Monday, October 31, 2011

Mixing it up can make things clear

Add a new person who is hungry and excited to help you sell to your dealership sales staff and a lot of good things happen:
You just might sell more units
The others on the staff will be influenced by the newbie who's fired up
You might see the other salespeople in a different, more accurate light
Your sales staff (and this applies to any department and to large and small companies) over time becomes its own world, it takes on its own personality and quite often, it becomes complacent. Adding someone new to the mix will open your eyes.

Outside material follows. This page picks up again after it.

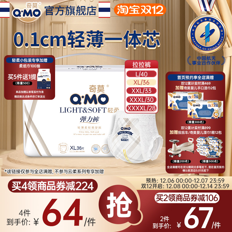 奇莫轻柔小包装弹力裤拉拉裤L-4XL婴儿尿不湿防漏轻薄透气柔软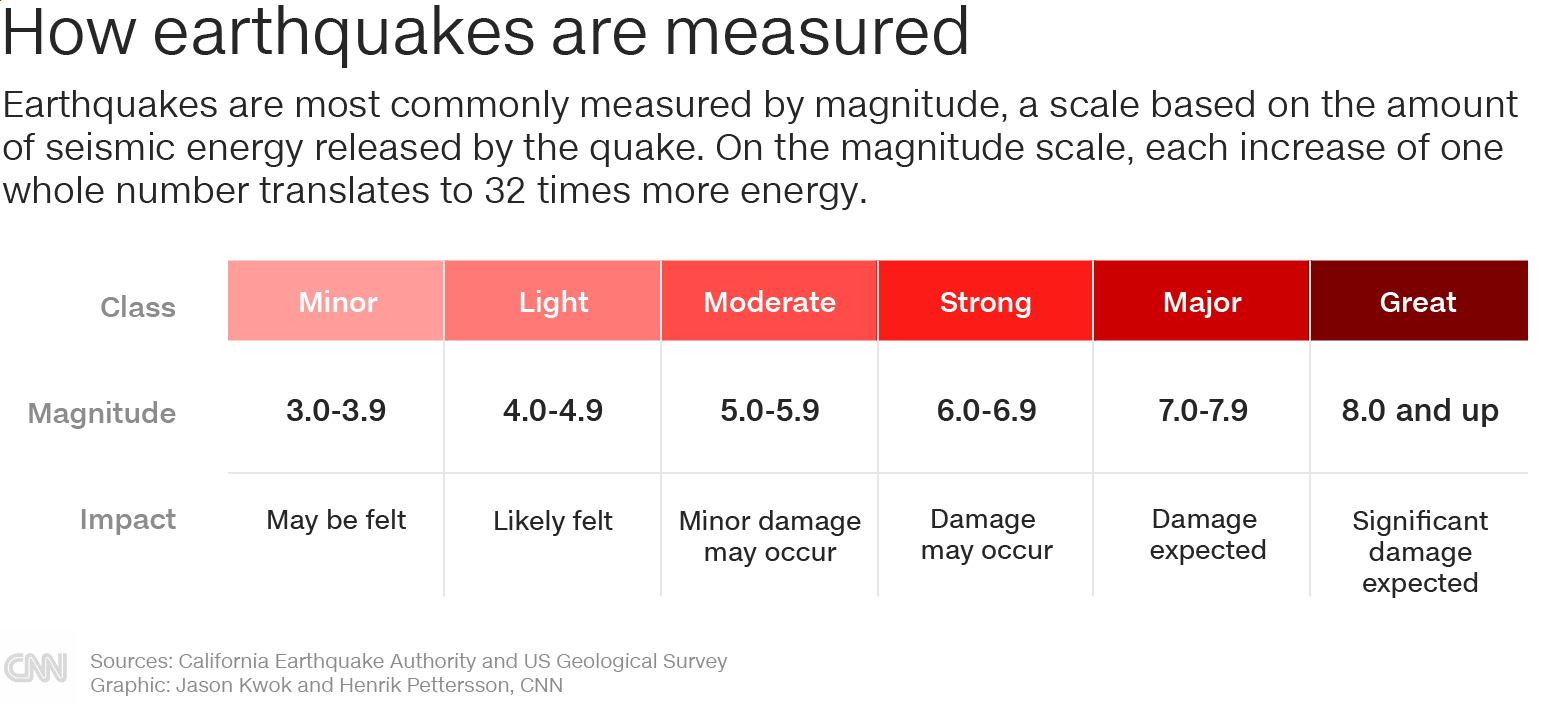 Вот классы магнитуды , согласно Калифорнийскому управлению по землетрясениям:

Unless, of course, the person you add is in the same mold as the rest of the people in that department... Then ignore the above. So, if you have a low-energy team, look for a firecracker. If you have a group of scattered, undisciplined salespeople, bring in a grounded, logical person who simply won't get caught up in the confusion.

Mix it up.

Barry LaBov
LaBov & Beyond
www.labov.com

Friday, October 28, 2011

Can it really happen?

Companies sit in their board rooms or offices or bars and commit to goals. Exciting goals. Big, profitable goals. And then they leave the board rooms, offices and bars and are alone in their car or at home and the moment of truth hits. They ask:

Can this really happen?

And if it's a no-brainer, Of course this can happen, then odds are good. But if the answer is I have no idea how this is going to happen, then it's not time to keep your head down, it's time to face the music. Figure it out, go ask for help, to do something other than...nothing.

We all need for all to believe to achieve. 

Barry LaBov
LaBov & Beyond
www.labov.com



Thursday, October 27, 2011

What is my job?

A great question to ask from time to time is What is my job? A good follow-up to that one is another good question What am I spending my time on every day?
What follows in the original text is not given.